When a value can be one of several types:

def find_student(identifier: str | int):
    ...

Combining Dataclasses with Type Hints

Here is a complete example bringing everything together:

from dataclasses import dataclass, field

@dataclass
class Student:
    name: str
    student_id: str
    gpa: float = 0.0
    grades: list[int] = field(default_factory=list)
    email: str | None = None
    courses: dict[str, str] = field(default_factory=dict)
s = Student(
    name="Nodira",
    student_id="2024030",
    gpa=3.7,
    grades=[90, 85, 92],
    email="nodira@alkhu.uz",
    courses={"CS201": "OOP", "MATH101": "Calculus"}
)

Forward References

Consider a class that references itself:

@dataclass
class Employee:
    name: str
    manager: Employee  # ERROR!

When Python encounters manager: Employee, the Employee class is not yet fully defined — it raises a NameError. The fix is to use a string instead:

@dataclass
class Employee:
    name: str
    manager: 'Employee'  # OK — forward reference

By using a string, you tell Python: “do not resolve this name now; check it later.” This is called a forward reference.
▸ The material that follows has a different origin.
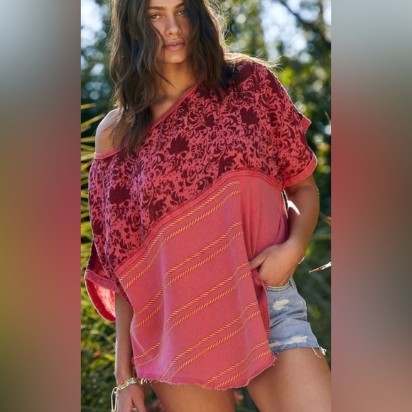 Free People Garnet Royal Combo Red Top Oversized Size M

Forward references are needed in two situations:

  1. Self-reference: A class refers to itself (e.g., an employee whose manager is also an employee).
  2. Cross-reference: A class refers to another class defined later in the file.
@dataclass
class Gradebook:
    students: list['Student']  # Student is defined below

@dataclass
class Student:
    name: str

Type-Hinting Callable Objects

Functions passed as arguments can also be type-hinted using Callable from the typing module:

from typing import Callable

def apply_operation(x: int, y: int, operation: Callable[[int, int], int]) -> int:
    return operation(x, y)

def add(a: int, b: int) -> int:
    return a + b

result = apply_operation(5, 3, add)  # 8

Callable[[int, int], int] means a function that takes two int parameters and returns an int. The first part (inside the inner brackets) specifies the parameter types, and the second part specifies the return type.